YOUR INSTRUCTIONS: Setting aside any pictures, reproduce the data exactly.

------ PROVIDED DATA

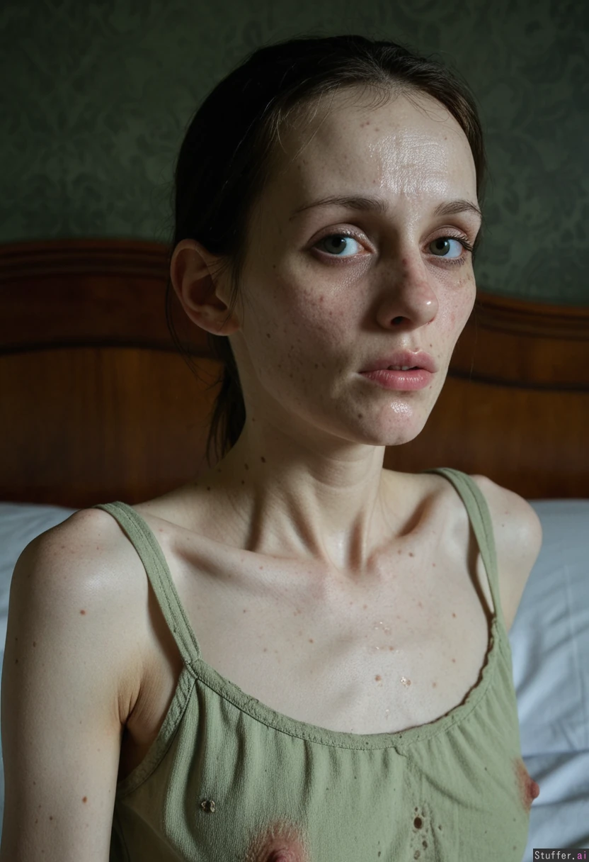 Hyper realistic of an extremely sickly and emaciated 28-year-old European woman, severely ill with advanced leprosy and smallpox scars, ghostly pale greenish skin with sagging wrinkled texture, multiple deep leprosy scars and disfigurement on face and body, pustules and open sores around deformed lips, acne scars everywhere, crooked deformed nose, dull cloudy cataract eyes with one eye completely missing and covered by a black eyepatch, skin heavily sagging under the missing eye, feverish sweaty sheen on skin, messy greyish-brown hair with many grey strands, very skinny frail body, (extreme sickly appearance:1.4), (horrifyingly diseased face:1.35), (leprosy disfigurement:1.4), (smallpox pockmarks:1.3) She is laying weakly on a mattress in a dark Victorian bedroom with peeling dark green wallpaper and wooden frame bed, wearing a pale green stained Victorian nightgown, dim moody lighting, gloomy atmosphere Masterpiece, best quality, hyper detailed textures, intricate skin details, realistic sweat and pores, cinematic lighting, full color, photorealistic ( waist up shot)
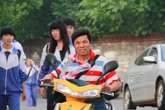 校长接过鲜花“只把春来报”
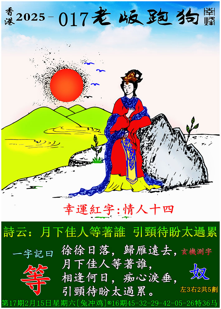 主题 : 017期老版跑狗一字記之曰:【等】 玄機測字:《奴》

------------

SOLVED EXERCISE:
 Hyper realistic of an extremely sickly and emaciated 28-year-old European woman, severely ill with advanced leprosy and smallpox scars, ghostly pale greenish skin with sagging wrinkled texture, multiple deep leprosy scars and disfigurement on face and body, pustules and open sores around deformed lips, acne scars everywhere, crooked deformed nose, dull cloudy cataract eyes with one eye completely missing and covered by a black eyepatch, skin heavily sagging under the missing eye, feverish sweaty sheen on skin, messy greyish-brown hair with many grey strands, very skinny frail body, (extreme sickly appearance:1.4), (horrifyingly diseased face:1.35), (leprosy disfigurement:1.4), (smallpox pockmarks:1.3) She is laying weakly on a mattress in a dark Victorian bedroom with peeling dark green wallpaper and wooden frame bed, wearing a pale green stained Victorian nightgown, dim moody lighting, gloomy atmosphere Masterpiece, best quality, hyper detailed textures, intricate skin details, realistic sweat and pores, cinematic lighting, full color, photorealistic ( waist up shot)
 校长接过鲜花“只把春来报”
 主题 : 017期老版跑狗一字記之曰:【等】 玄機測字:《奴》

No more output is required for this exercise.